● Data to use
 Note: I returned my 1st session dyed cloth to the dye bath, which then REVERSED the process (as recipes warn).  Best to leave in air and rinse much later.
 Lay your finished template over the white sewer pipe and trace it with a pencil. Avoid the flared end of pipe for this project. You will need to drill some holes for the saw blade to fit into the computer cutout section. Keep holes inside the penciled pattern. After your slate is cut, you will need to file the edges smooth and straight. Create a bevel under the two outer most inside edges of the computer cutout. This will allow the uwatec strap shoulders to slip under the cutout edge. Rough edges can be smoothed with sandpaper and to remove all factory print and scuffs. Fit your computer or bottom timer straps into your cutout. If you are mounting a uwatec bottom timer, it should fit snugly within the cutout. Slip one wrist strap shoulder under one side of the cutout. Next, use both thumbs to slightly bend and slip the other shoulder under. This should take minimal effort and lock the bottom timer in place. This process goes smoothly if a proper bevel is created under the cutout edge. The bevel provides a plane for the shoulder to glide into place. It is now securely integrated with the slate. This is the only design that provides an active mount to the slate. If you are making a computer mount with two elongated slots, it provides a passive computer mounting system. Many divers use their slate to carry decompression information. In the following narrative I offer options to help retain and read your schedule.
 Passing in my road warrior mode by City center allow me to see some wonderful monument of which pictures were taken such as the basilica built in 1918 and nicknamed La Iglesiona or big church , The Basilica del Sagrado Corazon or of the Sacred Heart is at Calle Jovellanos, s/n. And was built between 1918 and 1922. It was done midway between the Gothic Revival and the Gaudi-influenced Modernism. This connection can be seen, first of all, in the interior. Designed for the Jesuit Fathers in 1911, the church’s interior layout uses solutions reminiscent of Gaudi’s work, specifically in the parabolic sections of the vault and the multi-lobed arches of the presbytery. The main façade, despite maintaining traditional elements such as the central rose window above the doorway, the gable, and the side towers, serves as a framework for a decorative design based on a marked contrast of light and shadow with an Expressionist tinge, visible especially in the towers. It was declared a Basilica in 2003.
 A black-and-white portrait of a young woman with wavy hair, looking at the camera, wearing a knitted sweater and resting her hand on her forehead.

==

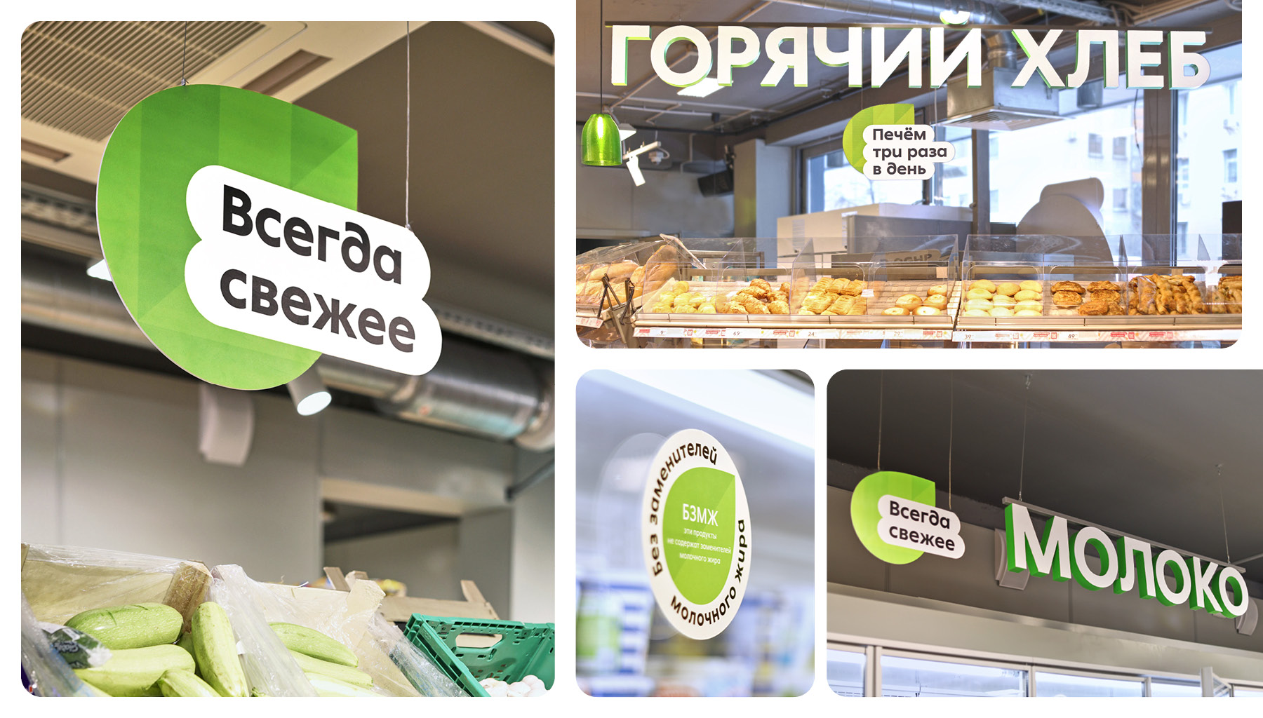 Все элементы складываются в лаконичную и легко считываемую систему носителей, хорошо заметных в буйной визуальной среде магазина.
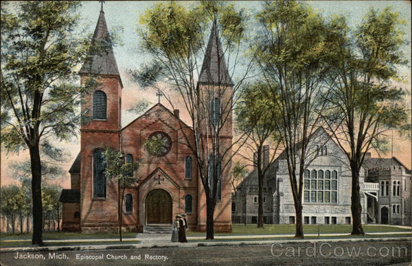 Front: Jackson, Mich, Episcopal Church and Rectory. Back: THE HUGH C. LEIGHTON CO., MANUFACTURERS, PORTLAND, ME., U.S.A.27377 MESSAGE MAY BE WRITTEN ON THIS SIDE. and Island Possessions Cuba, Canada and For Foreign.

● Work instructions
Leaving out the pictures, please output the lines in the entries above from the one with "Все элементы складываются" through the one with "Front: Jackson, Mich, Episcopal", exactly as they are.

● Your response
 Все элементы складываются в лаконичную и легко считываемую систему носителей, хорошо заметных в буйной визуальной среде магазина.
 Front: Jackson, Mich, Episcopal Church and Rectory. Back: THE HUGH C. LEIGHTON CO., MANUFACTURERS, PORTLAND, ME., U.S.A.27377 MESSAGE MAY BE WRITTEN ON THIS SIDE. and Island Possessions Cuba, Canada and For Foreign.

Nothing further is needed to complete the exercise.